The new year is a popular time for people to think about what they want to create next. In the early stages of a new visions, it's a great idea to protect what's emerging (visions, ideas, plans) for the first few weeks especially. That means not sharing it with anyone, or being incredibly selective with who you share it with. Most people are well meaning, and would want to support you, but may not fully understand what you are attempting to do.
Some many not know how to hold that space for you without trying to fill it up with their concerns, ideas, advice, of fears during that delicate stage. They may not see the path laid out from where you are to where you want to be, and fear that it's unrealistic. They may ask premature questions, like, "How are you going to make that happen?" before that has unfolded within you. Sometimes they'lll try to give advice based on what worked for them, which may or many not be the way it works for you. Or, sometimes it can trigger their own fears, and they inadvertently express that in their concerns. Sometimes they may get into an evaluation state, and find the reasons they think it won't work.
There are so many ways well-meaning supportive friends and family members, and others, could contribute to an uprooting of what's emerging before you feel solid enough in it. So pick your confidantes and advisors carefully in the beginning, or hold off sharing until you feel more rooted in what's emerging. Once you are more rooted, and feel strong in your commitment - with discernment and resilience - then sharing it can be extremely helpful. That's when other's input and ideas can expand and refine - and yes-and - what you are doing.
There's no one right way as to when to share it, what parts to share, and who to share it with, so use your best judgement. Trust your intuitive sense. Pay attention to your internal feedback. If talking with someone puts you into a defensive or flight, fight, or freeze mode, they may not be the best person, or it may not be the best time. Not everyone closest to you may know how to be with what you are bringing in before it's more tangible.

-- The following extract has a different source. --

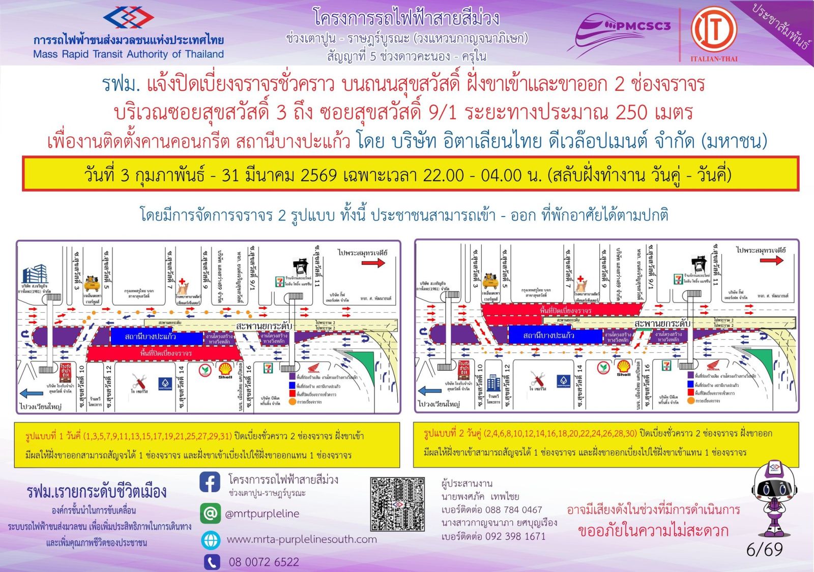 การรถไฟฟ้าขนส่งมวลชนแห่งประเทศไทย (รฟม.) แจ้งว่า บริษัท อิตาเลียนไทย ดีเวล๊อปเมนต์ จำกัด (มหาชน) ผู้รับจ้างงานก่อสร้างทางวิ่งและสถานียกระดับ อาคารจอดรถไฟฟ้าและอาคารจอดแล้วจร โครงการรถไฟฟ้าสายสีม่วง ช่วงเตาปูน - ราษฎร์บูรณะ (วงแหวนกาญจนาภิเษก) สัญญาที่ 5 ช่วงดาวคะนอง - ครุใน มีความจำเป็นต้องปิดเบี่ยงจราจรชั่วคราว บนถนนสุขสวัสดิ์ ฝั่งขาเข้าและขาออก 2 ช่องจราจร บริเวณซอยสุขสวัสดิ์ 3 ถึง ซอยสุขสวัสดิ์ 9/1 ระยะทางประมาณ 250 เมตร เพื่องานติดตั้งคานคอนกรีต สถานีบางปะแก้ว ในวันที่ 3 กุมภาพันธ์ - 31 มีนาคม 2569 เฉพาะเวลา 22.00 - 04.00 น. (สลับฝั่งทำงานวันคู่-วันคี่) โดยมีการจัดการจราจร 2 รูปแบบ ทั้งนี้ ประชาชนสามารถเข้า-ออก ที่พักอาศัยได้ตามปกติ

But if talking about it with someone helps you feel more inspired, passionate, alive, and excited about it, then go for it.
It is important in the early stages of a new emergence that isn't yet fully formed to protect it as you learn more about it, shape it, and cultivate it out into the world. Then, after it has roots it can withstand most anything. With all of that said, the good news is that if it is yours to do, no matter what anyone else says or does, you can of course still do it. And sometimes adversity actually helps strengthen your resolve. Most of the time, it's just easier after you feel stronger in it within yourself.